WORK ITEM: Retype the lines below exactly, but only those from the line that has "Sem qualquer sinal" through the line that has "RSI = 0 ms、250 ms各组段反应时变化曲线图". Omit every picture.

DATA FOR REVIEW:
++++++
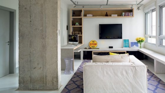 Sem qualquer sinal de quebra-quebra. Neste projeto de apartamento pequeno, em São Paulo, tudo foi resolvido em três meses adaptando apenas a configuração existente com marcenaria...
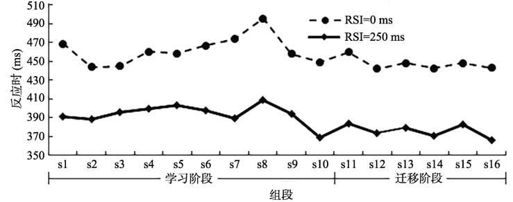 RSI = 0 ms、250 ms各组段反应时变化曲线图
++++++
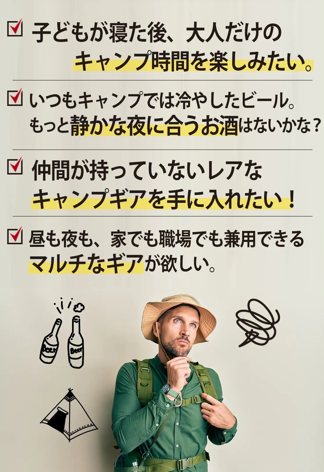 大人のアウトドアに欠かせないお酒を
++++++
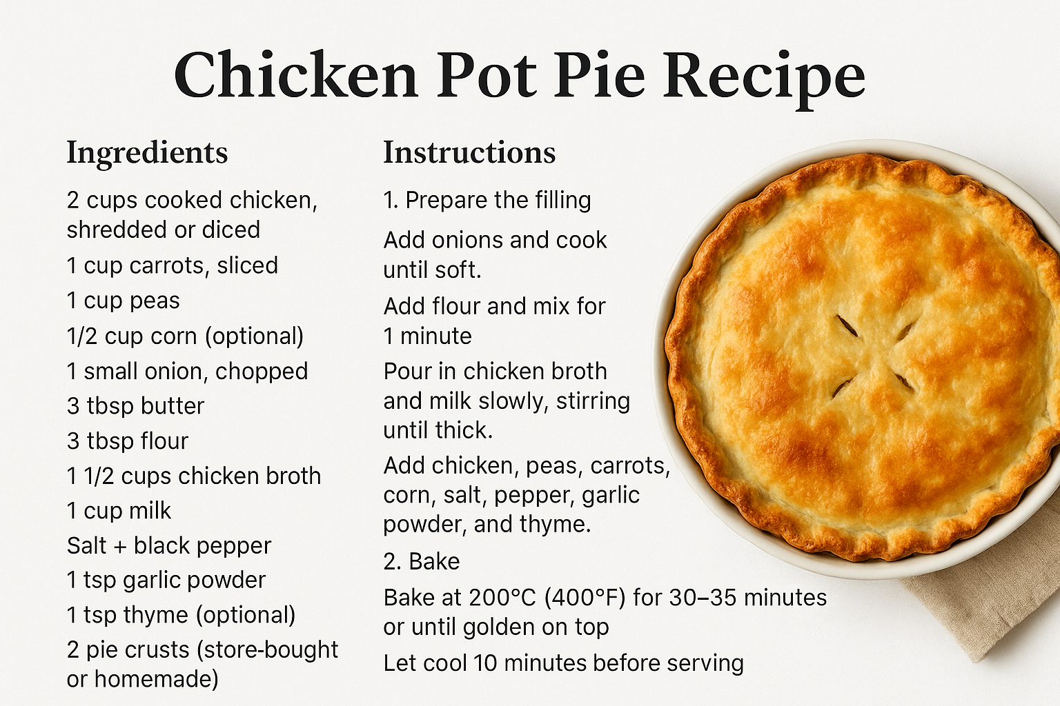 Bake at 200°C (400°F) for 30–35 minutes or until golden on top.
++++++
RESULT OF THE EXERCISE:
 Sem qualquer sinal de quebra-quebra. Neste projeto de apartamento pequeno, em São Paulo, tudo foi resolvido em três meses adaptando apenas a configuração existente com marcenaria...
 RSI = 0 ms、250 ms各组段反应时变化曲线图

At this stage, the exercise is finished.